My Mom is very negative, however, really negative to her immediate family and kids. To everyone else, they think she is Ms "Optimism" and envied us as a family. Little did they know. I've often wondered if a complaint was the only way she could start a conversation as there are many people her age that do that. Yes, my Mom is a perfectionist.

So how did I get it to a tolerable level? I finally got up the guts and reinforced my boundaries. I no longer tolerate her endless tirade about the mistreatment that her Dad gave to his kids (he died over 20 years ago). I give her a 2 minute warning to have her wrap up her ideas and tell her that I'm going to leave if she continues after that. If it goes beyond 2 minutes, I leave.
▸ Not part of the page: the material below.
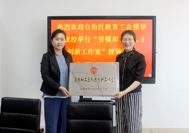 6月21日上午,自治区教育工会主席索萍、副主席夏汗哈孜·木沙依、斯拉吉丁·阿不拉一行来我校,为我校“劳模和工匠人才创新工作室”授牌。

I no longer tolerate endless negative comments against my sister, her friends, my sister-in-law, her family and her friends. She only gets 2 sentences before I cut her off with a 2 sentence warning...and then I leave. Regarding the nurses and the food, I ask her for specifics and when she doesn't have any, keep on asking for specifics. If she has specifics, I follow up on them and get them addressed. If no specifics, I remind her that I need specifics and I don't want to discuss it until I have specifics. At first, I just left after giving her the warning. Then on specific items, I would counter the argument like "he's dead, I don't want to hear any more"...then I left. At first, because I was "living" in the same house as she, she would search me out (or call for me endlessly) and continue the tirade. I would just move to a different area of the house or put on headphones (something visual) and look at her with a blank stare. Now that she is in a facility, I just let someone know that I'm leaving, or wheel her away to the activities area while she is going on-and-on then turn to her and wave goodbye as she is complaining. (yes, it is possible to teach memory impaired people new tricks...)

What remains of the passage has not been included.